Йоаким замолчал. Трудно было говорить о смерти Этель и последовавшей депрессии Катрин.

— Вы скучаете по сестре? — спросил Герлоф.

Йоаким задумался.

— Немного, — наконец ответил он.

Это прозвучало цинично, поэтому он прибавил:

— Я скучаю по той Этель, какой она была до того, как пристрастилась к наркотикам. По Этель, у которой было множество планов. Она мечтала открыть салон красоты, стать учительницей музыки. Она ничего так и не осуществила. Наркотики медленно ее убивали. Это было все равно что смотреть на человека в горящем доме и быть не в состоянии ему помочь.

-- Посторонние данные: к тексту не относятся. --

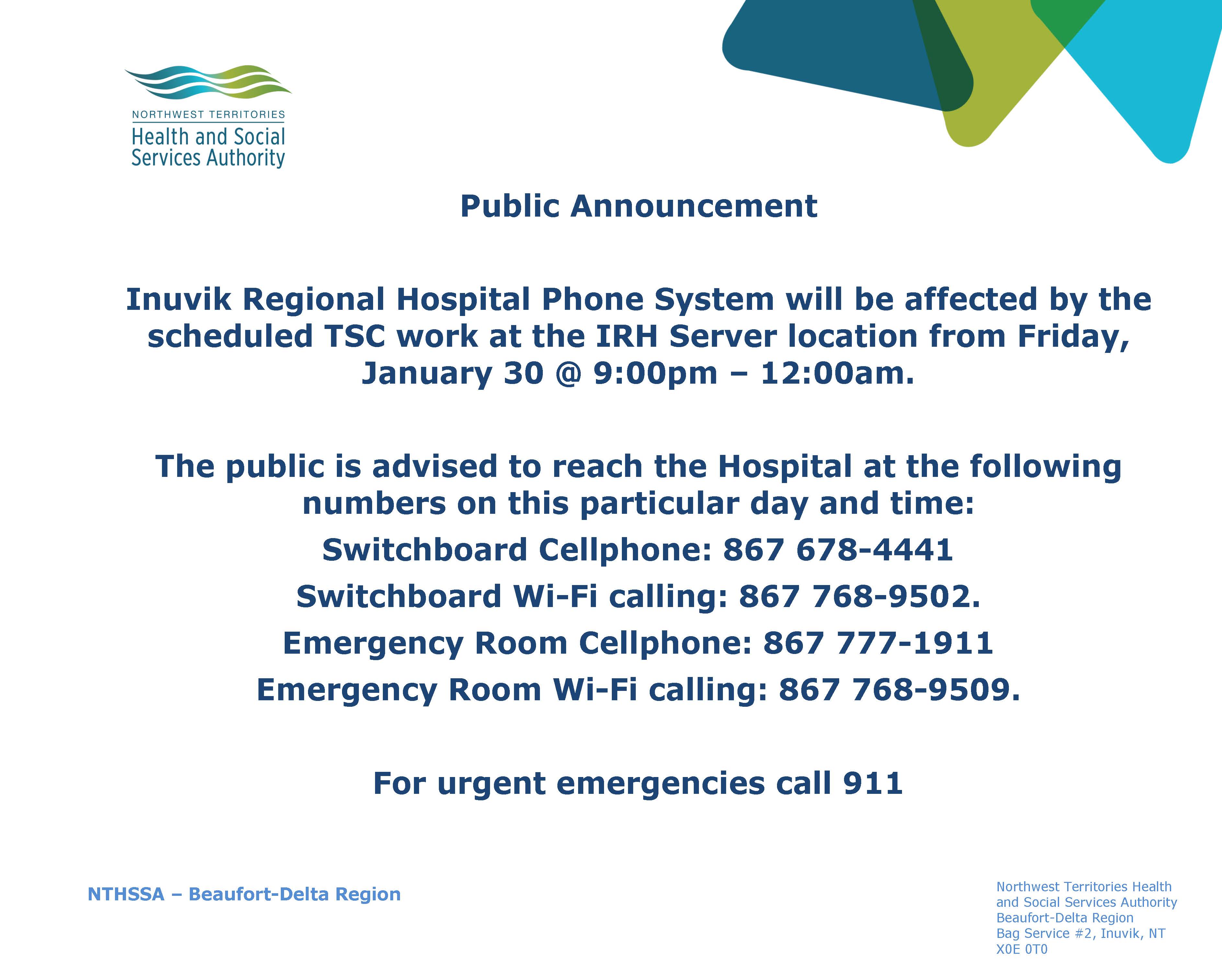 Please be advised the Inuvik Regional Hospital phone system will be affected from Friday, January 30 from 9PM to 12AM

— С чего это началось? — деликатным тоном произнес Герлоф. — Я почти ничего не знаю о наркотиках.

— Она начала с гашиша. Курила на вечеринках и концертах. Этель играла на пианино и гитаре и постоянно тусовалась со своими ровесниками… Она меня тоже научила играть, — улыбнулся Йоаким.

— Вы ее любили.

— Да. Этель была веселой. Привлекательной. Мальчики ее обожали. А она обожала вечеринки и клубы. И метамфетамин. Употребляя наркотики, она похудела на десять килограммов. Она все реже появлялась дома. Потом умер от рака папа, и, я думаю, именно после этого она начала употреблять героин… Она стала похожа на скелет. Худая, бледная, голос хриплый…

Йоаким сделал глоток кофе и продолжил:

— Наркоманы не знают, что у них зависимость. Они не видят ничего плохого в том, чтобы выкурить косячок или съесть таблетку, но рано или поздно переходят на инъекции. Потому что так дешевле. И доза героина нужна меньше. Но все равно им нужно по меньшей мере пятьсот крон в день на наркотики. Это большие деньги. Поэтому они начинают воровать. Причем им неважно, у кого. Могут обокрасть даже родную мать, забрать фамильные драгоценности и отнести в ломбард…

Он посмотрел на подсвечник, помолчал и снова заговорил:

— На Рождество, когда мы ужинали у мамы, возле стола всегда стоял пустой стул. Этель обещала каждый раз, что придет, но всегда оставалась в городе искать наркотики. Для нее это было обычное повседневное занятие. И мы ничего не могли поделать. — Он так погрузился в свой рассказ, что даже не следил, как на него реагирует Герлоф. — Вы не представляете, каково знать, что твоя сестра ворует, чтобы достать денег на наркотики, и пытаться об этом не думать, но при этом каждое утро отправляться на работу, ужинать с семьей и ремонтировать дом по выходным. — Йоаким опустил глаза. — В такой ситуации можно или забыть, или идти на поиски. Мой отец часто искал Этель по ночам, пока не заболел. Я тоже. На улицах, площадях, в метро, в вытрезвителях… Мы быстро научились определять, где она может быть.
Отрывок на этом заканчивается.